Attachments and Reconfigurations Sample Clauses

Attachments and Reconfigurations. Upon prior written notice to NetWolves, Customer may reconfigure and install Attachments on the Products. In the event of such a Reconfiguration or Attachment, Customer shall, upon return of the Products, at its expense, restore the Products to the original configuration specified on the Schedule in accordance with the manufacturer's specifications and in the same operating order, repair and appearance as when installed (normal wear and tear excluded). If any parts are removed from the Products during the Reconfiguration or Attachment, the restoration will include, at Customer's option, the installation of either the original removed parts or Like Parts. Alternatively, with NetWolves' prior written consent which will not be unreasonably withheld, Customer may return the Products with any Attachment or upgrade. If any parts of the Products are removed during a Reconfiguration or Attachment, NetWolves may require Customer to provide additional security, satisfactory to the NetWolves, in order to ensure performance of Customer's obligations set forth in this subsection. Neither Attachments nor parts installed on Products in the course of Reconfiguration shall be accessions to the Products.
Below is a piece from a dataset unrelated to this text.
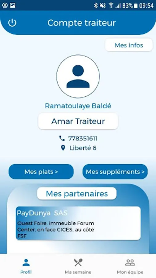 -As a caterer, to be able to record your dishes and your supplements with which you can program your menus for the week. You will also be able to accept partnership requests and see the list of your orders by company.

However, if the Reconfiguration or Attachment (i) adversely affects NetWolves' tax benefits relating to the Products; (ii) is not capable of being removed without causing material damage to the Products; or (iii) if at the time of the Reconfiguration or Attachment the manufacturer does not offer on a commercial basis a means for the removal of the additional items; then such Reconfiguration or Attachment is subject to the prior written consent of NetWolves.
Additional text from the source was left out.